Lebih lanjut, pemerintah menekankan bahwa efisiensi akan difokuskan pada aspek operasional dan pendukung, bukan pada kualitas maupun kuantitas makanan yang diterima anak-anak.

Pendekatan ini memperlihatkan adanya keseimbangan antara disiplin fiskal dan komitmen terhadap pembangunan sumber daya manusia, yang menjadi fondasi utama visi Indonesia Emas 2045.

Kepala Badan Gizi Nasional (BGN) Dadan Hindayana memastikan kesiapan lembaganya dalam menjalankan setiap kebijakan yang ditetapkan pemerintah.

Ia menegaskan bahwa BGN akan mengikuti sepenuhnya arahan Presiden Prabowo Subianto, termasuk dalam hal penyesuaian skema efisiensi program.

“BGN akan jalankan apapun putusan Presiden, termasuk terkait skema efisiensi atau pengaturan anggaran MBG,” tegasnya.

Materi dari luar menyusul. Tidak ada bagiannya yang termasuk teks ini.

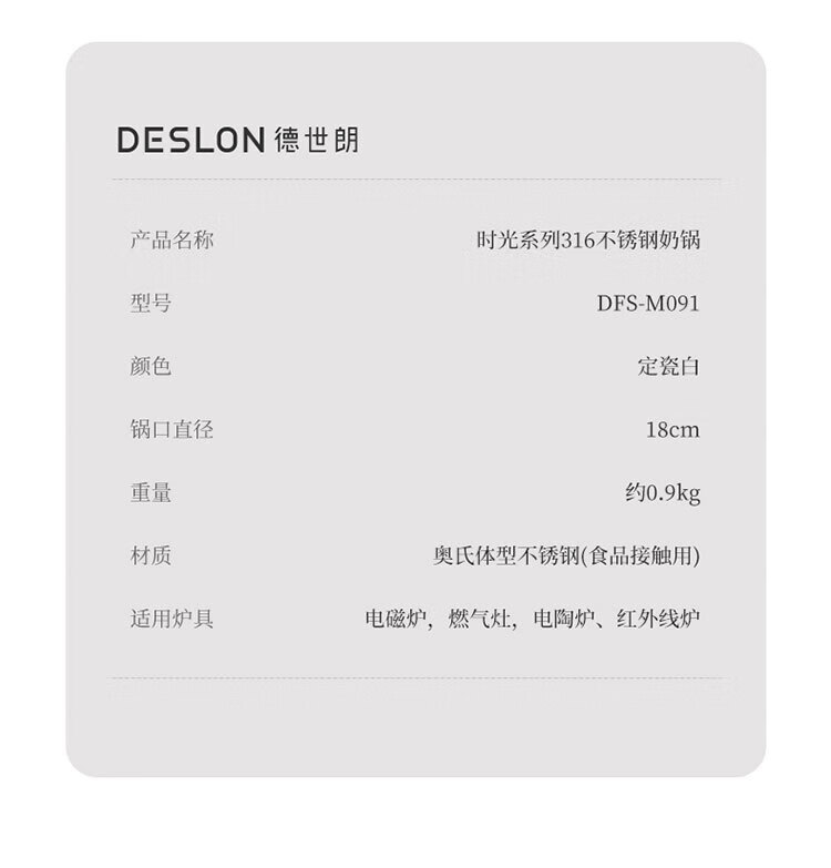 德世朗 时光系列不锈钢奶锅18cmDFS-M091

Dadan menambahkan bahwa sistem pengawasan dan evaluasi yang ketat telah disiapkan untuk menjamin distribusi makanan tetap tepat sasaran, meskipun terdapat penyesuaian pada aspek anggaran pendukung.

Sementara itu, Anggota Komisi IX DPR RI, Pulung Agustanto, menilai efisiensi sebagai langkah rasional di tengah tekanan ekonomi global yang tidak menentu.

Ia mengapresiasi komitmen pemerintah dalam menjalankan program MBG secara serius, namun tetap mempertimbangkan kesehatan fiskal negara.

“Hanya saja tetap harus mempertimbangkan kondisi objektif kesehatan fiskal kita,” katanya.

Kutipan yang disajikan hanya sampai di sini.